THE TASK:
Without any pictures, print the lines below from the one that has "两位成员走进社区,为每位老人" through the one that has "Schatzinsel mit Mehrkornbrötchen.", exactly and nothing else.

DATA TO PROCESS:
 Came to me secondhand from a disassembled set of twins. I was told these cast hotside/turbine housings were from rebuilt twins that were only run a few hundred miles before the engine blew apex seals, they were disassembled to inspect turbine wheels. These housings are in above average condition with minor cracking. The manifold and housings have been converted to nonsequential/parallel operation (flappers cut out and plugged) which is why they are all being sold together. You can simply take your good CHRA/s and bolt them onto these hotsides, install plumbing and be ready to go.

--

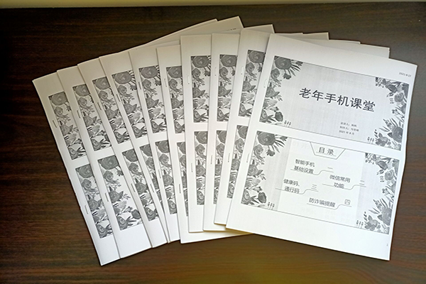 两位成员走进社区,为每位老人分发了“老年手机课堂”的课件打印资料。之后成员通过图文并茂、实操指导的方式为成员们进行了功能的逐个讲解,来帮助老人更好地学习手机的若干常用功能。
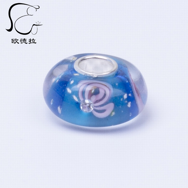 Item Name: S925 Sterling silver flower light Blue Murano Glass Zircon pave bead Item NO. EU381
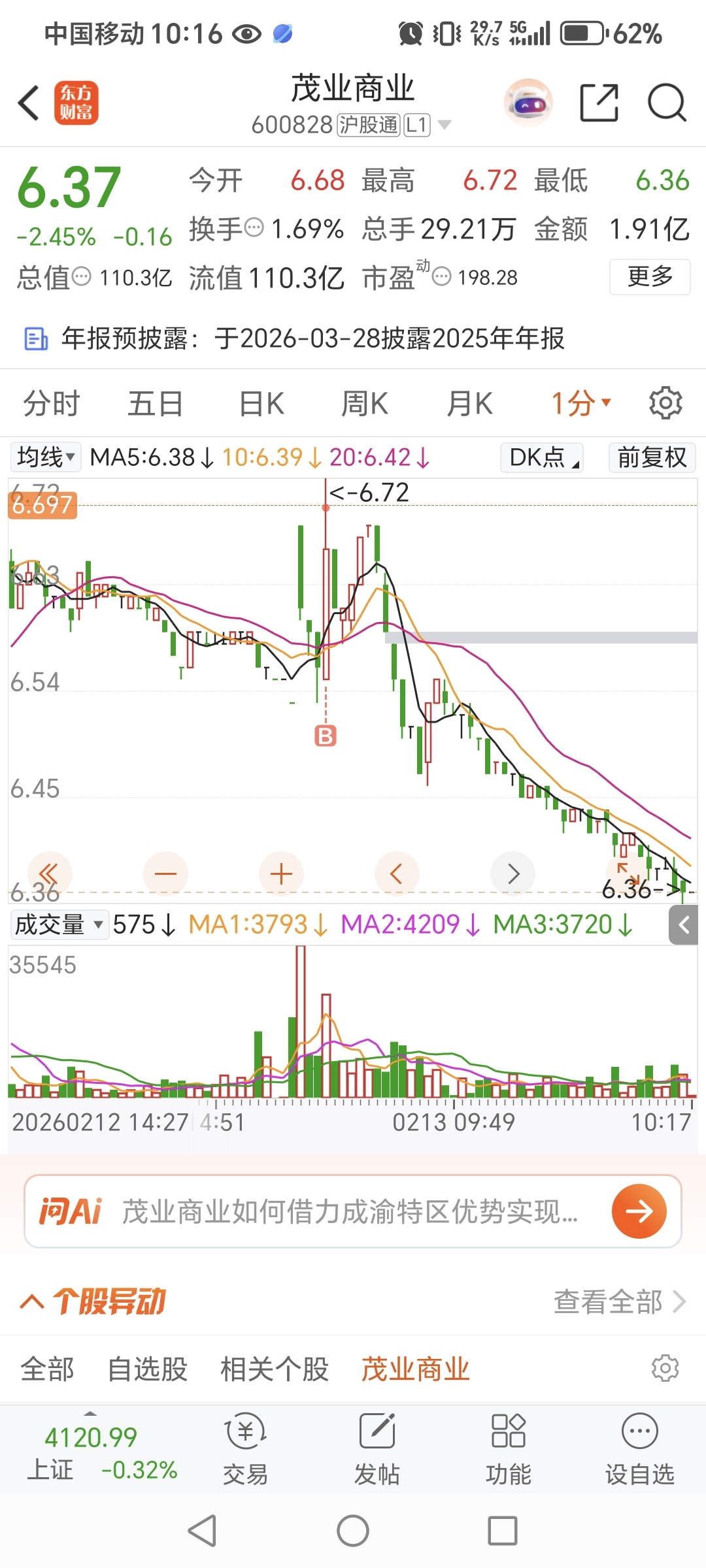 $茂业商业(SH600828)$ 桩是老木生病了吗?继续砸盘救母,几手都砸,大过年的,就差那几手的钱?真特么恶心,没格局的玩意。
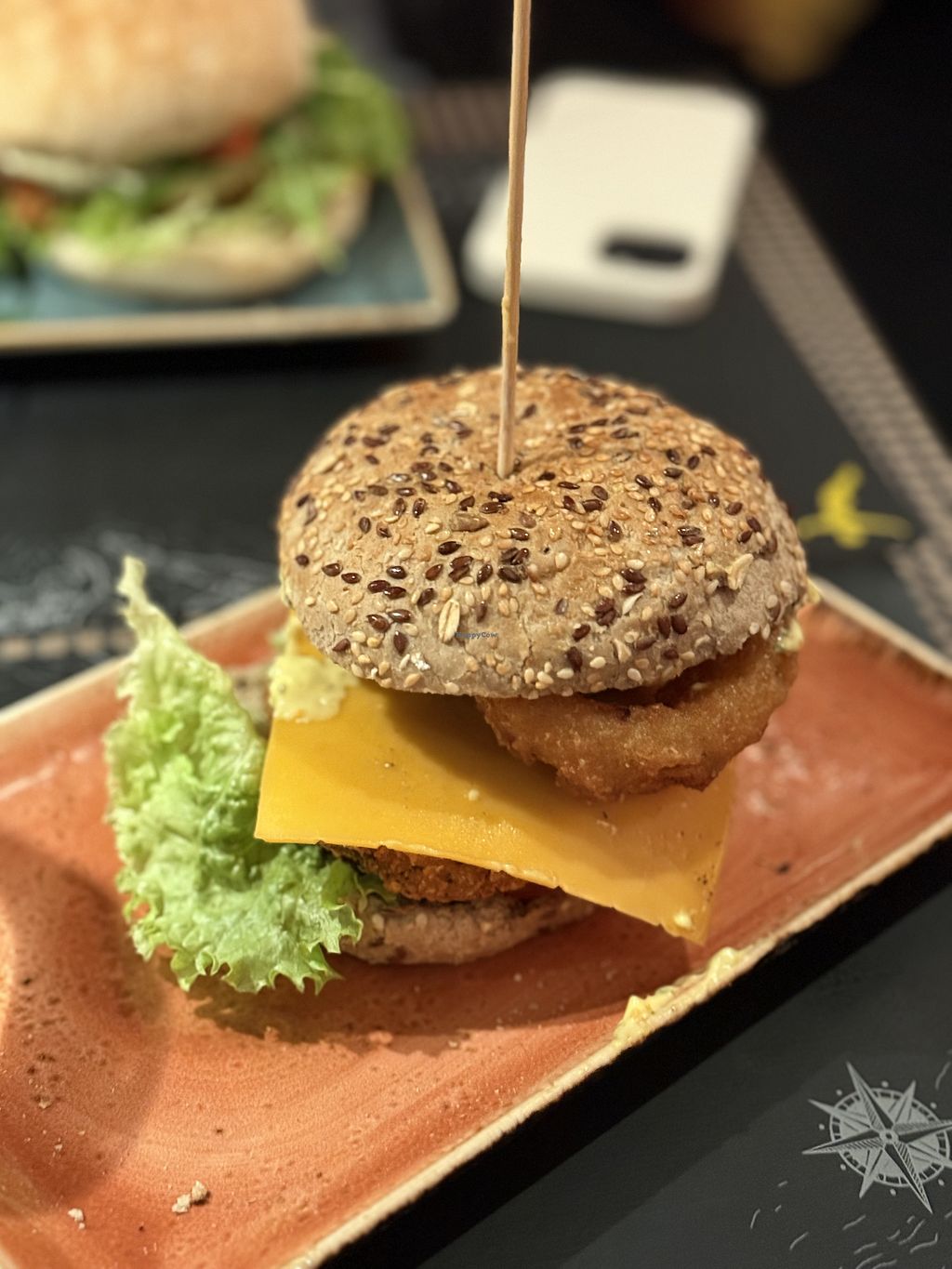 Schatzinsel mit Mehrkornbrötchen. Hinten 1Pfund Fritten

--

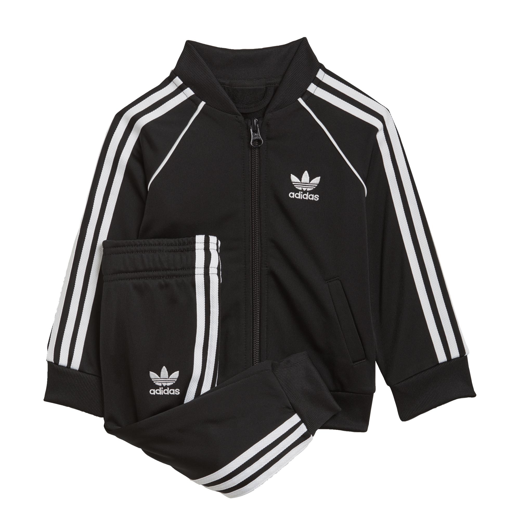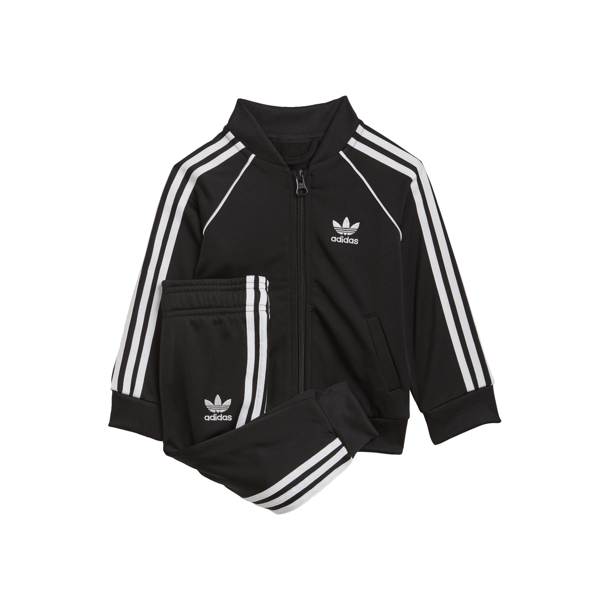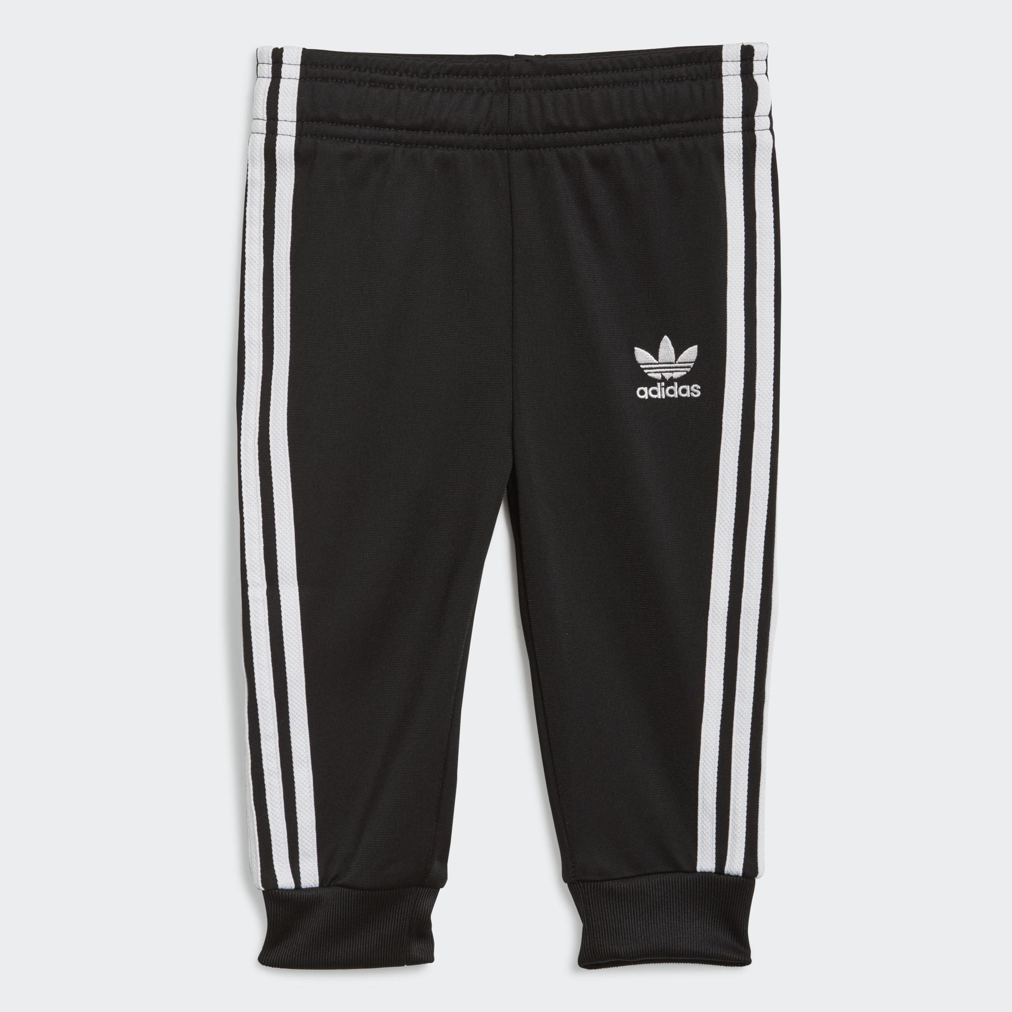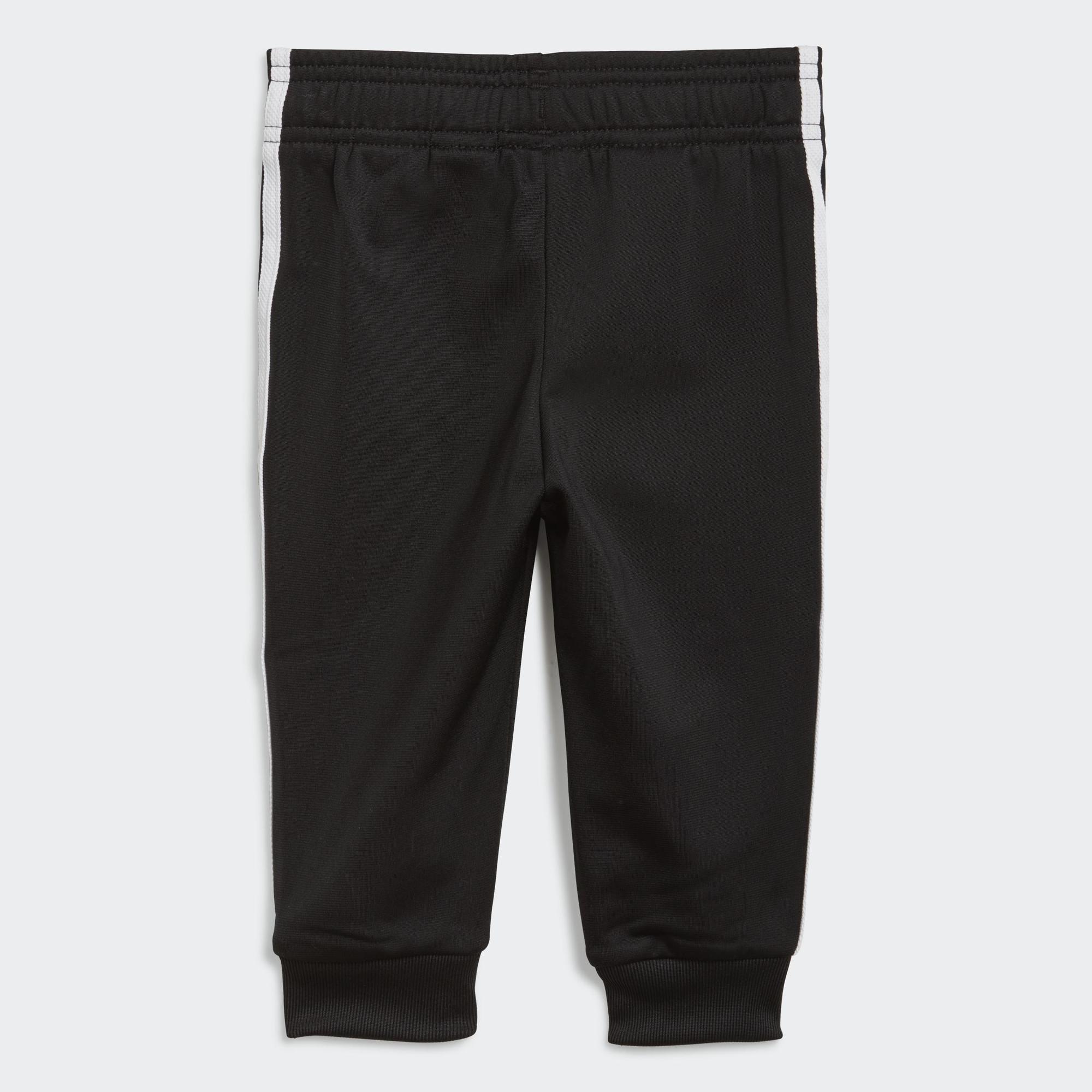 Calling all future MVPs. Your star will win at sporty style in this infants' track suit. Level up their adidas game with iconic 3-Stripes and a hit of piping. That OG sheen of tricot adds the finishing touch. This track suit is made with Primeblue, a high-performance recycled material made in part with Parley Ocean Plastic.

SOLUTION BELOW:
 两位成员走进社区,为每位老人分发了“老年手机课堂”的课件打印资料。之后成员通过图文并茂、实操指导的方式为成员们进行了功能的逐个讲解,来帮助老人更好地学习手机的若干常用功能。
 Item Name: S925 Sterling silver flower light Blue Murano Glass Zircon pave bead Item NO. EU381
 $茂业商业(SH600828)$ 桩是老木生病了吗?继续砸盘救母,几手都砸,大过年的,就差那几手的钱?真特么恶心,没格局的玩意。
 Schatzinsel mit Mehrkornbrötchen. Hinten 1Pfund Fritten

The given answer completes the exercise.